Document Detail

Reliable noninvasive parameters for early detection of cardiopulmonary compromise induced by carbon dioxide thoracoretroperitoneum in minimally invasive thoracolumboendoscopic spine surgery.
MedLine Citation:
PMID:  11000361     Owner:  NLM     Status:  MEDLINE    
BACKGROUND: Using a novel endoscopic retroperitoneal approach for thoracolumbar anterior spine fusion, we examined the cardiopulmonary effects of the inevitably associated carbon dioxide (CO2) thoracoretroperitoneum and evaluated noninvasive parameters, which may provide early and adequate recognition of cardiopulmonary dysfunction. METHODS: Under balanced anesthesia and paralysis, six pigs subjected to endoscopic CO2 thoracoretroperitoneal spine fusion underwent extensive pulmonary and hemodynamic online monitoring throughout the operative procedure. Open thoracophrenolumbotomy in six pigs served as a control procedure. RESULTS: In contrast to unchanged cardiopulmonary parameters during open thoracolumbar spine surgery, CO2 thoracoretroperitoneum caused significant hypercapnia, hypoxia, and acidemia with concomitant tachycardia, pulmonary hypertension, and systemic hypotension. Ventilatory adjustment, CO2 evacuation, or both promptly reversed the cardiopulmonary effects. Noninvasively assessed end-tidal CO2, peak respiratory pressure, and heart rate were early clues for detecting the tension pneumothorax-like cardiopulmonary dysfunction, as indicated by a significant correlation with the invasively assessed pulmonary hemodynamic parameters and arterial blood gases. CONCLUSIONS: During endoscopic thoracolumbar spine fusion, CO2 thoracoretroperitoneum induces cardiopulmonary dysfunction, which, however, can be detected reliably by changes in end-tidal CO2, peak respiratory pressure, and heart rate, and which can be corrected immediately by appropriate ventilatory adjustments. Therefore, endoscopic CO2 thoracoretroperitoneal spine fusion might not necessarily require extraordinarily extensive and invasive monitoring of systemic and pulmonary hemodynamics, but ventilatory adjustment and intrathoracic pressure evacuation should be readily available to reexpand the lung, and to facilitate rapid normalization of hemodynamic conditions.

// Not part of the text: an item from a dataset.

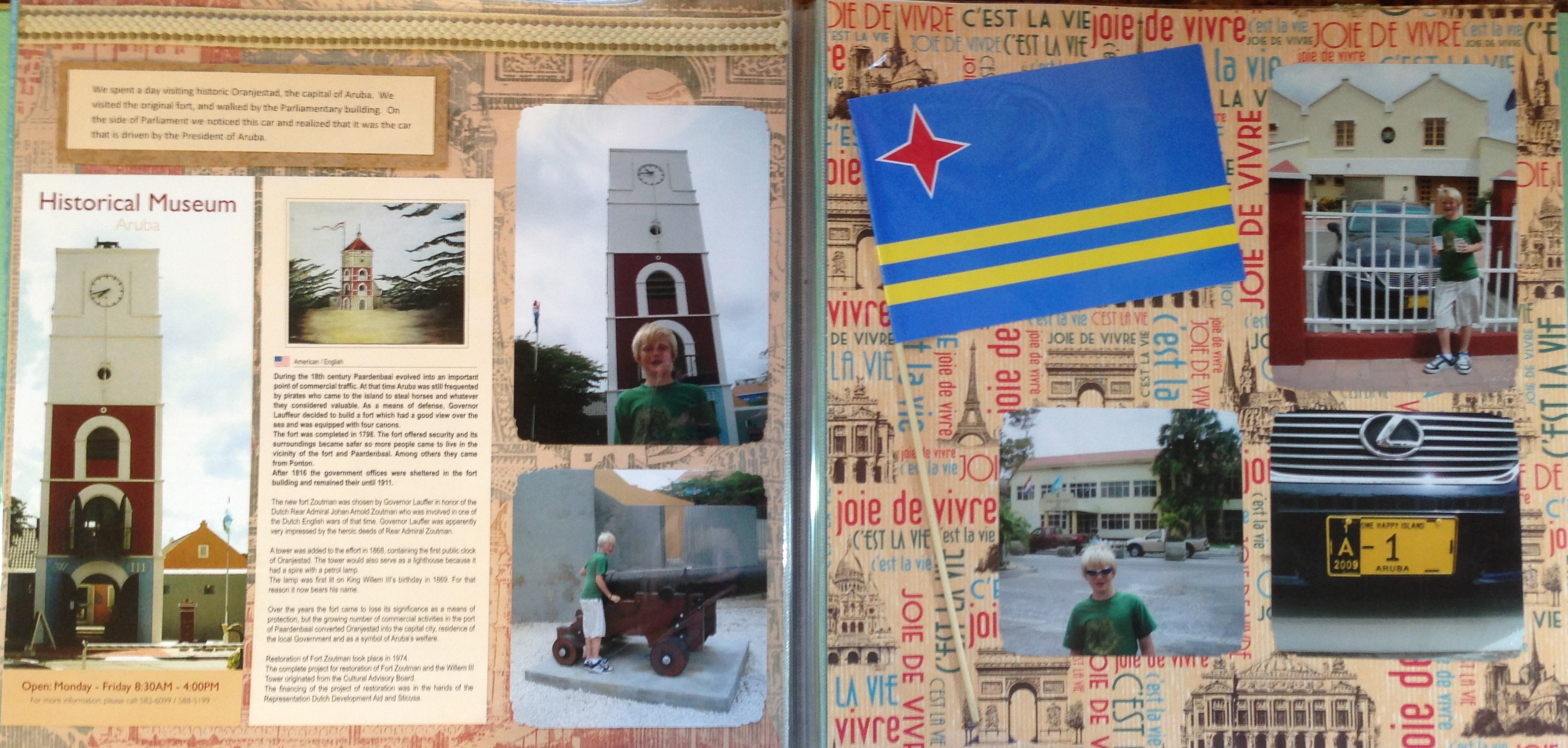 This spread showcases a day that we spent in the Capital of Aruba – Oranjestad. We visited the original fort and walked by the Parliamentary building. As we were walking by the Parliamentary building we noticed a car parked with the license plate “1” so we took a picture of it. It was later confirmed to us that this was the President of Aruba’s car! Not something that you get to see or do in the United States!

B Vollmar; A Olinger; U Hildebrandt; M D Menger
Publication Detail:
Type:  Journal Article; Research Support, Non-U.S. Gov't    
Journal Detail:
Title:  Surgical endoscopy     Volume:  14     ISSN:  0930-2794     ISO Abbreviation:  Surg Endosc     Publication Date:  2000 Sep 
Date Detail:
Created Date:  2000-10-19     Completed Date:  2000-10-19     Revised Date:  2007-11-15    
Medline Journal Info:
Nlm Unique ID:  8806653     Medline TA:  Surg Endosc     Country:  GERMANY    
Other Details:
Languages:  eng     Pagination:  820-4     Citation Subset:  IM    
Institute for Clinical and Experimental Surgery, University of Saarland, Homburg/Saar, Germany.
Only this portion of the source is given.